Bayes posterior convergence for loss functions via almost additive Thermodynamic Formalism

TL;DR

This paper establishes exponential convergence of Bayesian posteriors in dynamical systems using thermodynamic formalism and large deviation principles, extending previous results to almost-additive loss functions.

Contribution

It introduces a novel approach employing non-additive thermodynamic formalism to analyze Bayesian posterior convergence for dynamical systems with almost-additive loss functions.

Findings

Proves exponential convergence of Bayesian posteriors for ergodic observations.

Extends existing results to almost-additive loss functions.

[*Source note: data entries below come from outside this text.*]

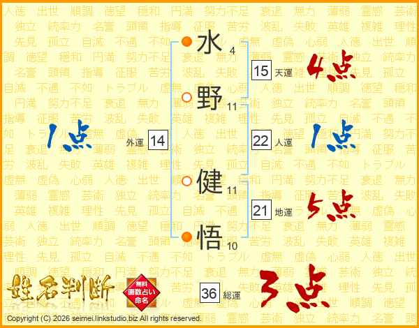 水(4画)野(11画) 健(11画)悟(10画)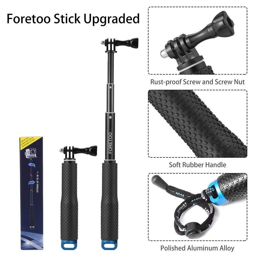 Foretoo (フォートゥー) 自撮り棒 19インチ ハンドグリップ 防水 調節可能 延長一脚ポール Gopro Hero 7 6 5 4 2 1 AKASO Xiaomi Yi SJCAM SJ4000 SJ5000 SJ6000等に対応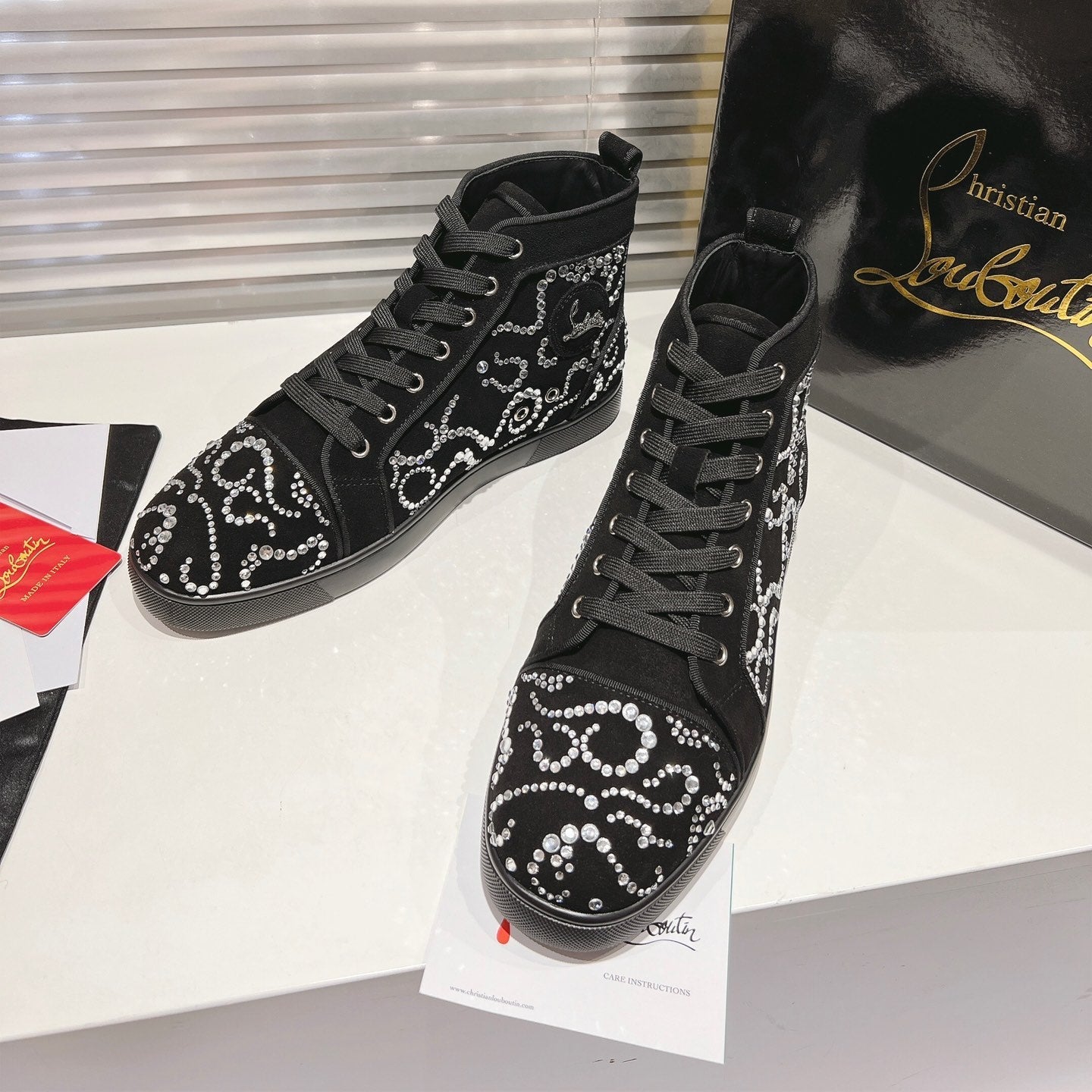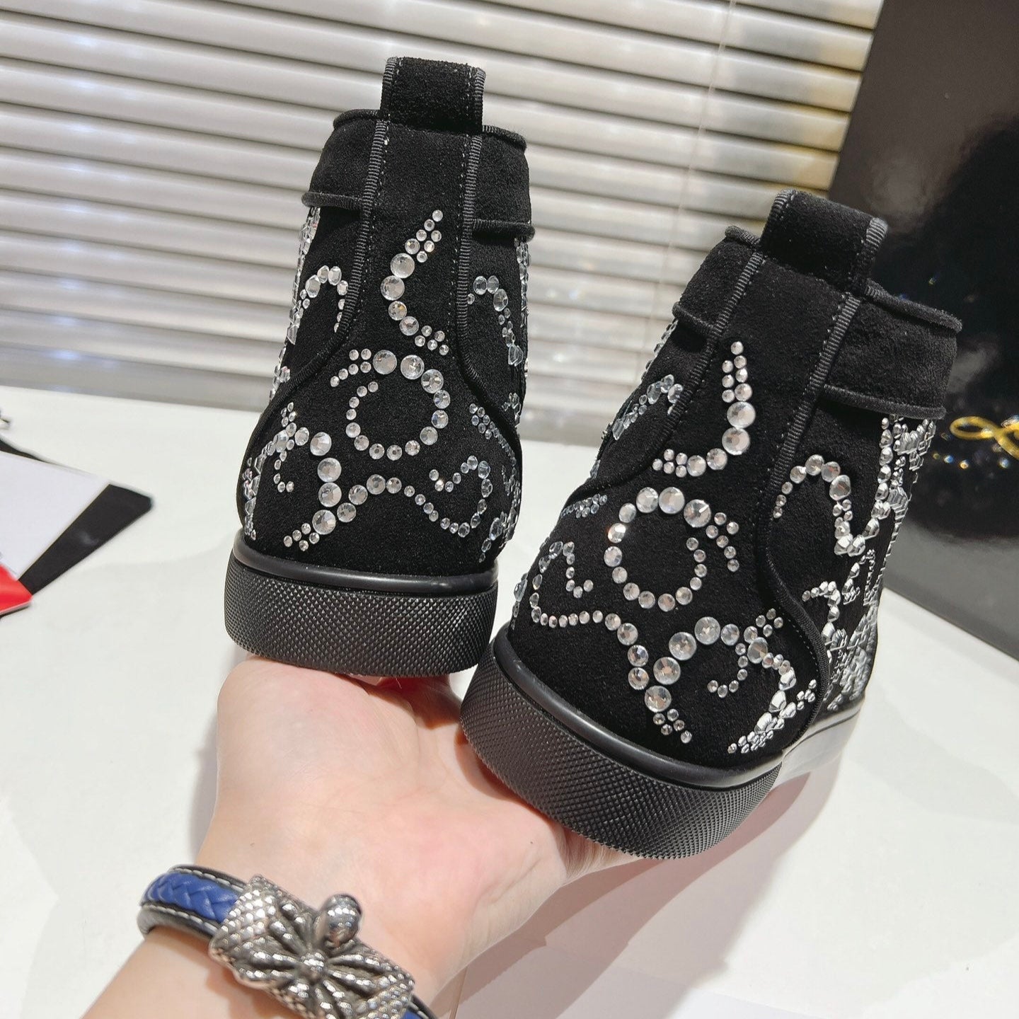 OCTOLOUIS STRASS STUDDED HIGH-TOP SNEAKERS IN BLACK VELVET

Utilizes thermodynamic formalism and large deviations instead of joinings.

Abstract

Statistical inference can be seen as information processing involving input information and output information that updates belief about some unknown parameters. We consider the Bayesian framework for making inferences about dynamical systems from ergodic observations, where the Bayesian procedure is based on the Gibbs posterior inference, a decision process generalization of standard Bayesian inference where the likelihood is replaced by the exponential of a loss function. In the case of direct observation and almost-additive loss functions, we prove an exponential convergence of the a posteriori measures a limit measure. Our estimates on the Bayes posterior convergence for direct observation are related and extend those in a recent paper by K. McGoff, S. Mukherjee and A. Nobel. Our approach makes use of non-additive thermodynamic formalism and large deviation properties instead of joinings.